BEGIN

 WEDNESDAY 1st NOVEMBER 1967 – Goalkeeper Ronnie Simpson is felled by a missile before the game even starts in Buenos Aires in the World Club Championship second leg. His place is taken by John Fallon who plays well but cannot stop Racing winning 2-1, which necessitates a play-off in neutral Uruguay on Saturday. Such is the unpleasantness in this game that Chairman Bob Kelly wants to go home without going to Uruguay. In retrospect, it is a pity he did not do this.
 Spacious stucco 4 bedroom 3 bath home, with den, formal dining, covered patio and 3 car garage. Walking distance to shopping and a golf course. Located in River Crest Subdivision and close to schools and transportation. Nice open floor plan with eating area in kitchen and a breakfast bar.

END
BEGIN

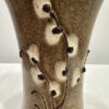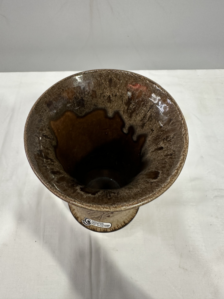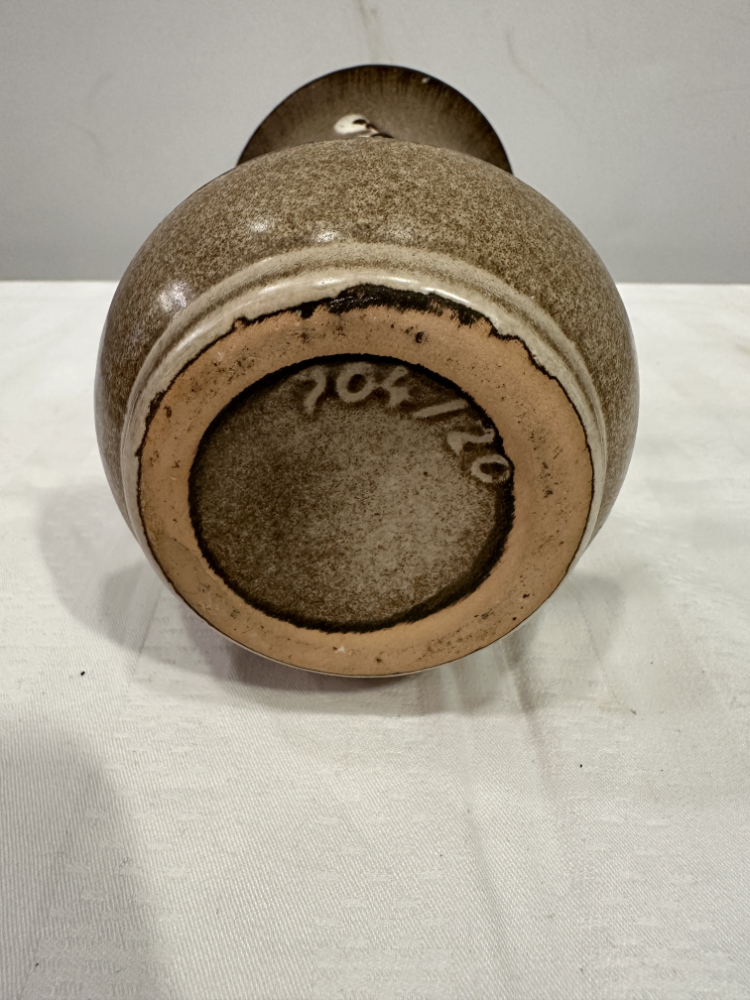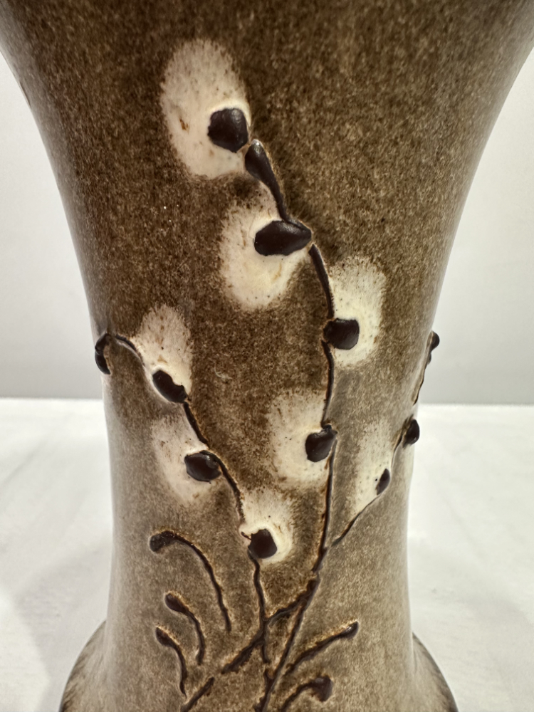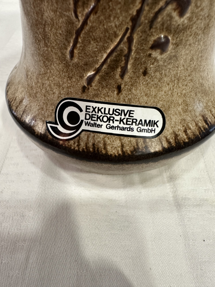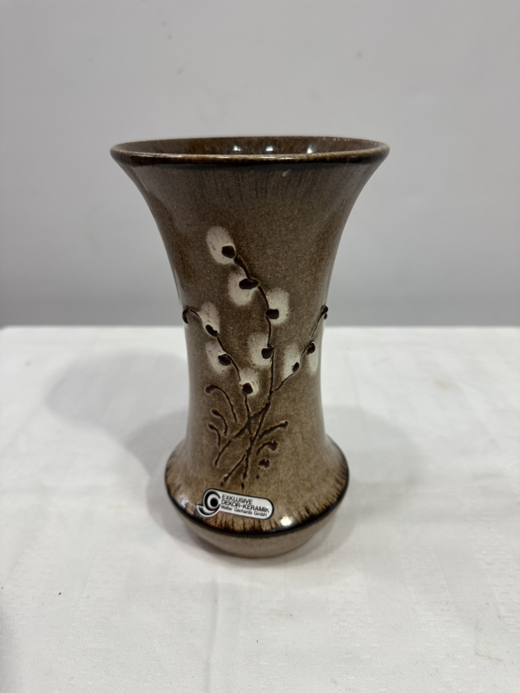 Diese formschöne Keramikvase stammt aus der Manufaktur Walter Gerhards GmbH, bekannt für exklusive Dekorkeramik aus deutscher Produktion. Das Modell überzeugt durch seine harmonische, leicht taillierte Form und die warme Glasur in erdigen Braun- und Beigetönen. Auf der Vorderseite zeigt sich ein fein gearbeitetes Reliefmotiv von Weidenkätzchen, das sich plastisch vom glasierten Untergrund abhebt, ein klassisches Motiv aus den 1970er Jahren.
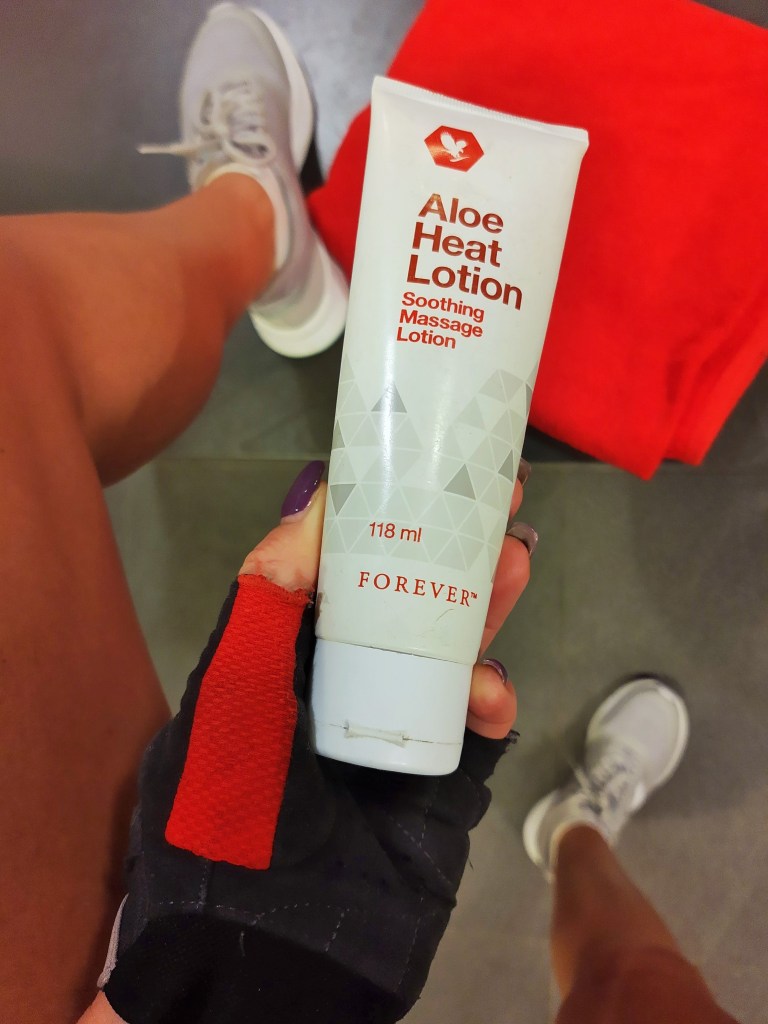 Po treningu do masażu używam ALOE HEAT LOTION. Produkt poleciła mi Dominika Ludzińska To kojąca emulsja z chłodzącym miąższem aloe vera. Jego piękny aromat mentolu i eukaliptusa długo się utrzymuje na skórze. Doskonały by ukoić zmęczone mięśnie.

END

» Exercise aim
Every line in the listing above that mentions "home" should be returned.

» Task result
 WEDNESDAY 1st NOVEMBER 1967 – Goalkeeper Ronnie Simpson is felled by a missile before the game even starts in Buenos Aires in the World Club Championship second leg. His place is taken by John Fallon who plays well but cannot stop Racing winning 2-1, which necessitates a play-off in neutral Uruguay on Saturday. Such is the unpleasantness in this game that Chairman Bob Kelly wants to go home without going to Uruguay. In retrospect, it is a pity he did not do this.
 Spacious stucco 4 bedroom 3 bath home, with den, formal dining, covered patio and 3 car garage. Walking distance to shopping and a golf course. Located in River Crest Subdivision and close to schools and transportation. Nice open floor plan with eating area in kitchen and a breakfast bar.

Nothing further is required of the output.